How can government help new finance compete with the big banks?

As the evidence of malpractice in the big high street banks continues to grow, individual savers and small businesses are desperately in need of alternative ways to get the financial services they need.

Britain’s banking system is dominated by the universal banks of HSBC, Barclays, RBS and Lloyds, all of whom have business models geared towards making their profits from the investment banking world of global deals, big transactions and speculative trading. These are a world apart from their UK customer base of individual savers and small businesses needing working capital.

The market should be an encouraging place for new financial service providers to come up with better offerings for the ordinary people and businesses of Britain. The problem is that policy makers and regulators are mesmerised by the big banks and have their work cut out preventing the bad banking behaviour, meaning not enough time and resources are devoted to encouraging the good. For the system to change, we need both, and the Finance Innovation Lab is supporting amendments being put forward in the Financial Services Bill to redress this balance.

New models for financial services are coming from the market. Peer to peer finance providers like Zopa, Funding Circle, Ratesetter and others have the potential to transform the savings market, by cutting out the banking ‘middle man’ and allowing savers and lenders to deal directly with each other. Savers make better returns. Small businesses and individuals can borrow at better rates than banks will offer.

Currently much of this activity takes place outside of the formal regulated market. Those peer to peer providers who have sought formal regulatory approval have taken years get licences as their business models to not fit into the definitions in the current rule book.

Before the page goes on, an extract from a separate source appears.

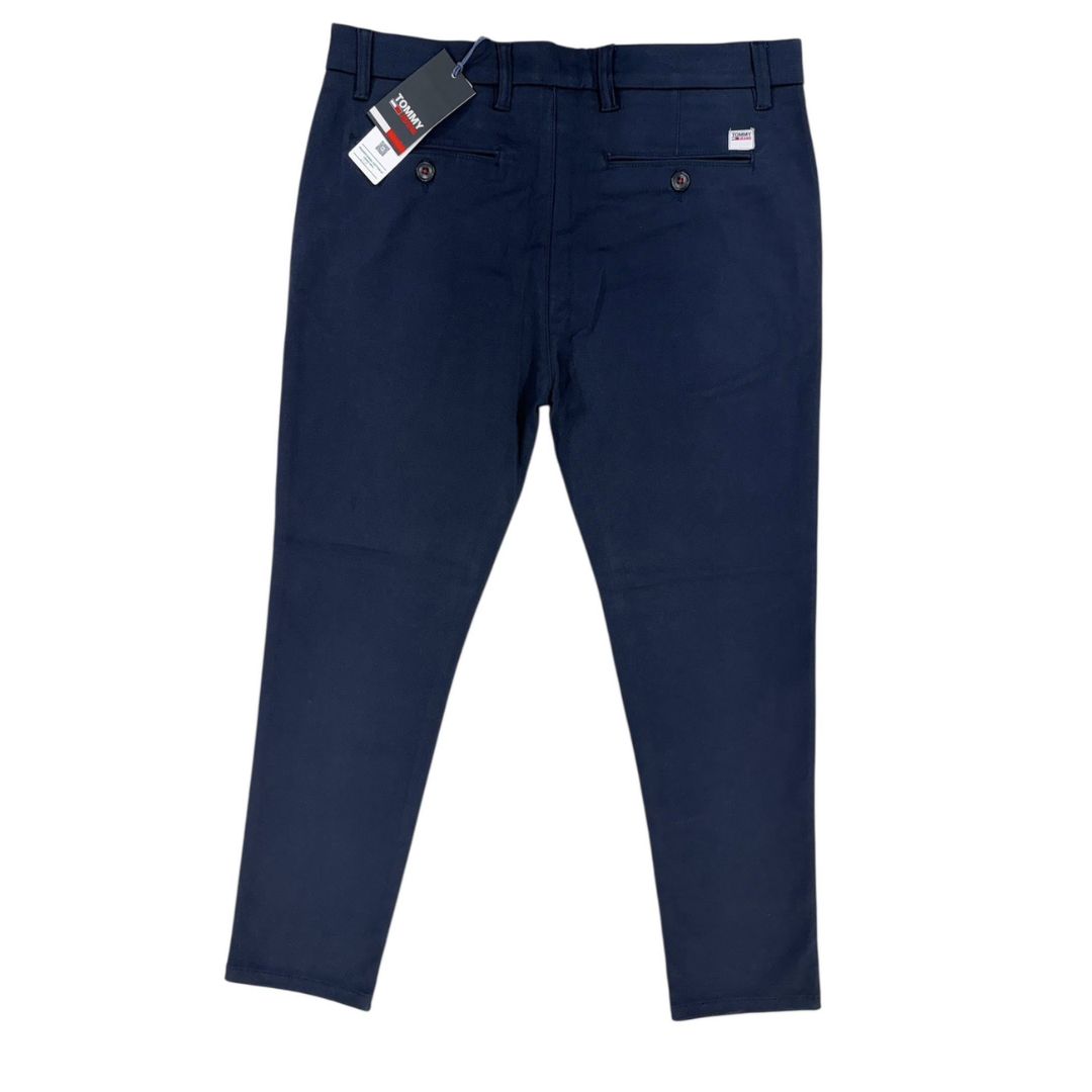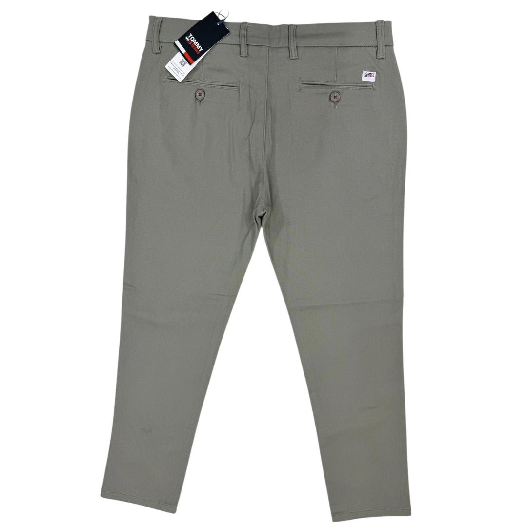 This image features a collection of five pairs of Tommy Jeans brand chino trousers, displayed in a variety of versatile, neutral colors. These pants appear to be a slim or straight-fit style, designed for a polished yet casual look.

When the industry went to government asking for some proportionate regulatory oversight so that cowboys and fraudsters couldn’t come in and undermine the reputation of the honest businesses, the treasury turned them away saying that self-regulation would do the job. That’s worth repeating. Several new financial innovators went to the government asking to be regulated and the government said no! To their credit the leading players have now set up a trade body, the Peer to Peer Finance Association, which sets out some principles and codes of conduct.

The fact remains, however, that for the sector to become part of the mainstream and really challenge the hegemony of the big banks, some proportionate regulation is required. Baroness Kramer is now tabling amendments in the House of Lords Committee Stage of the Financial Services Bill to this end, with cross-Part interest and support. Drawing on work from Simon Deane Johns of Keystone Law, these will provide the necessary duties and definitions for the new Financial Conduct Authority to establish proportionate regulation of direct finance platforms. For more details read Simon’s blog here.

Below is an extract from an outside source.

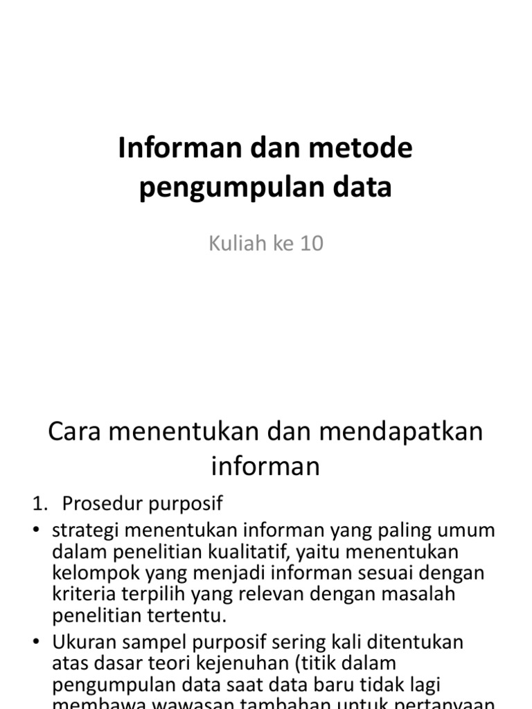 Kuliah Ke 10 Informan Dan Metode Pengumpulan Data

As well as new finance providers, there is a growing interest in bringing back the old style of locally, or sectorally based relationship banking. Behind the scenes there are dozens of potential new banks being developed to fill the growing gap in the market for simpler banking services. The think tanks Civitas, New Economics Foundation and Compass are all promoting the virtues of the German savings banks which have supported their country’s SMEs far more effectively than British high street banks. Britain already has The Co-operative, Triodos Bank, Charity Bank and new entrant Metro Bank, but there are many barriers to entry for new banks, including the effective cartel of the UK payments system which makes it very expensive for new entrants to participate.

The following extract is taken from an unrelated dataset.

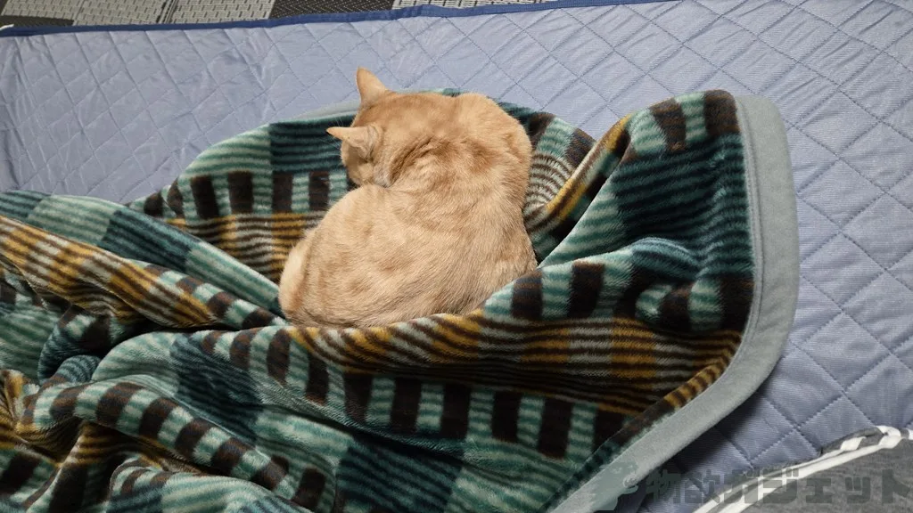 AM 4:00。起きたらまだ一緒に寝てた。にゃんこが真ん中近くにいるので、私が布団から落ちて寝てました。

The Finance Innovation Lab is also supporting amendments to the Financial Services Bill that would place duties on the Financial Stability Committee and Financial Conduct Authority to address and minimise the barriers to entry for new banks, in the interests of promoting greater competition with high street banks, as well as between them.

The overall lesson for policymakers and regulators is that in getting the rules right to protect us from socially useless financial innovation, they must also be open to, and positively encourage socially useful innovations. The rule changes don’t need to be dramatic, and the resources required won’t be prohibitive, but as well as stopping bad banking we have to encourage the good.